Context based customization

See below for more details. The following example allows saving to a process-local filesystem.

# Update global context statically.
ocp.configure(
    multiprocessing_options=MultiprocessingOptions(primary_host=None),
)
...
ocp.save_pytree(local_fs_path, pytree)

# Save pytree in a specific context.
multiprocessing_options=MultiprocessingOptions(primary_host=None)
with ocp.Context(multiprocessing_options=multiprocessing_options):
  ocp.save_pytree(local_fs_path, pytree)

Sequence-of-Checkpoints Use Cases

These use cases roughly correspond to those served by the existing CheckpointManager object. Note however that now the class is using the name Checkpointer, and that it tries to reuse constructs introduced to serve the single-checkpoint use case.

Saving and restoring

with ocp.Checkpointer(directory) as ckptr:
  ckptr.save_pytree(0, train_state)  # Save
  f = ckptr.save_pytree_async(1, train_state)  # Async save
  f.result()

  ckptr.load_pytree()  # Restores the latest step
  ckptr.load_pytree(1)  # Restore a specific step
  ckptr.load_pytree(1, abstract_train_state)  # Reshard / cast
  f = ckptr.load_pytree_async(1)  # Async restore
  f.result()

Saving and restoring with multiple checkpointables

with ocp.Checkpointer(directory) as ckptr:
  ckptr.save_checkpointables(step, dict(pytree=train_state, dataset=train_iter))
  ckptr.load_pytree(step, abstract_train_state)

Obtain metadata

with ocp.Checkpointer(directory) as ckptr:
  ckptr.metadata()  # -> RootMetadata: Root-directory-level metadata
  ckptr.metadata(step)  # -> CheckpointMetadata: Checkpoint-level metadata

Determine when to save

# In the future, will default to ContinuousCheckpointingPolicy (at least for internal users)
save_decision_policy=EveryNStepsPolicy(steps=1000)
with ocp.Checkpointer(directory, save_decision_policy) as ckptr:
  ckptr.should_save(step)  # -> bool

Identify existing checkpoints

with ocp.Checkpointer(directory) as ckptr:
  ckptr.latest_step()  # -> int
  ckptr.steps()  # -> set[int]

Handle garbage collection

with ocp.Checkpointer(directory, preservation_policy=LatestN(10)) as ckptr:
  …

Rank checkpoints by metrics

# Mimics builtin `sorted` function.
preservation_policy=BestN(10, lambda m: m['accuracy'], reverse=True/False)
with ocp.Checkpointer(directory, preservation_policy) as ckptr:
  ckptr.save_pytree(step, …, metrics={'accuracy': 0.9, 'loss': 0.65})

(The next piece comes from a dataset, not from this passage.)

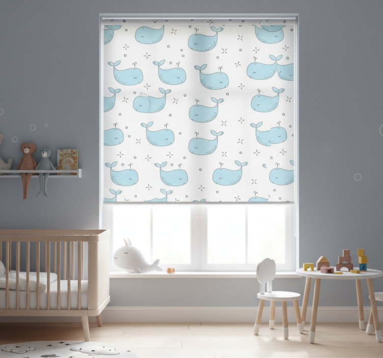 Store enrouleur pour chambre enfant motif baleines sans fin
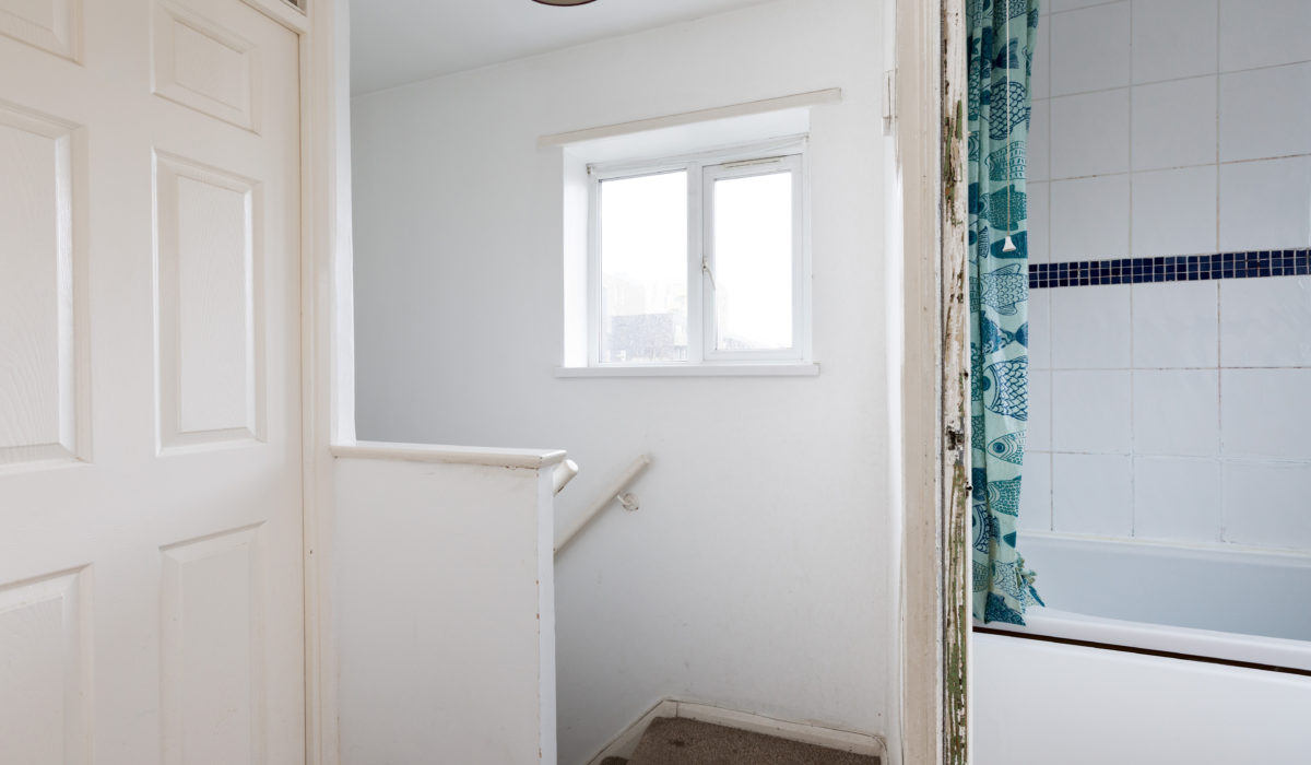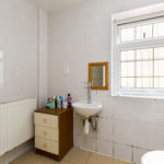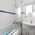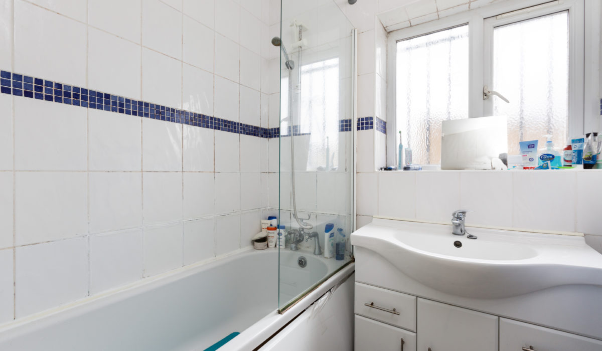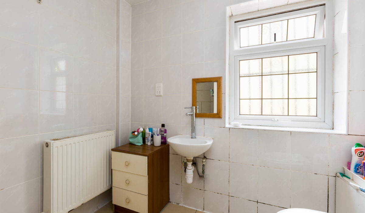 Fully tiled floor and walls, bath with mixer taps and shower attachment, glass shield , wash basin , mixer tap with under sink storage, obscured double glazed windows.

Context based customization

# Update global context statically.
ocp.configure(
    multiprocessing_options=MultiprocessingOptions(primary_host=None),
)
...
with ocp.Checkpointer(directory) as ckptr:
  ckptr.save_pytree(0, train_state)  # Save

# Checkpointer with a specific context.
# Overrides global context.
with ocp.Checkpointer(directory, context=ocp.Context(...)) as ckptr:
  ckptr.save_pytree(0, train_state)  # Save

# Checkpointer operation with a specific context.
# Overrides both global and Checkpointer level context.
with ocp.Checkpointer(directory) as ckptr:
  with ocp.Context(...):
    ckptr.save_pytree(0, train_state)  # Save

Training loop example

Note: model surgery complexity omitted.

def init_or_restore(ckptr: Checkpointer) -> PyTree:
  if exp_cfg.init_checkpoint_path:  # Restore initial checkpoint (e.g. finetuning)
    return ckptr.load_pytree(exp_cfg.init_checkpoint_path, transform_fn=surgery_fn)
  else:  # Init from scratch
    return init()

with ocp.Checkpointer(directory, **other_options) as ckptr:
  if ckptr.latest_step() is None:  # Recovering after restart
    train_state = ckptr.load_pytree()
  else:
    train_state = init_or_restore(ckptr)
    ckptr.save_pytree(0, train_state)  # Save initial model

  for step in range(start_step, end_step):
    train_state = train_step(train_state)
    if ckptr.should_save(step):
      ckptr.save_checkpointables(step, dict(state=train_state, dataset=train_iter))

Tree-Specific Use Cases

Restore with resharding/reshaping/casting

abstract_tree = {
  'a': jax.ShapeDtypeStruct(shape, dtype, sharding),  # restore as jax.Array
  'b': np.empty(shape, dtype),  # restore as np.ndarray
  'c': '',  # restore as string
}
ocp.load_pytree(path, abstract_tree)

Partial restoration

Partial restore is a way to solve the most common use case of loading a different tree than is present in the checkpoint - where leaves or subtrees can be omitted. The canonical example is to skip loading the optimizer state when you're doing evaluation.

In contrast, model surgery is the more complete version of this, where the user can manipulate trees/leaves in arbitrary ways, as well as load multiple trees and merge them.

abstract_tree = {
  'params': { … }
  # Note: omit 'opt_state' to avoid loading it
  'step': None  # Skip loading 'step'
}
# Unsafe variant, we need to set partial_load True by default
ocp.load_pytree(path, abstract_tree)
# Safe variant, partial_load must be opted-into
ocp.load_pytree(path, abstract_tree, partial_load=True)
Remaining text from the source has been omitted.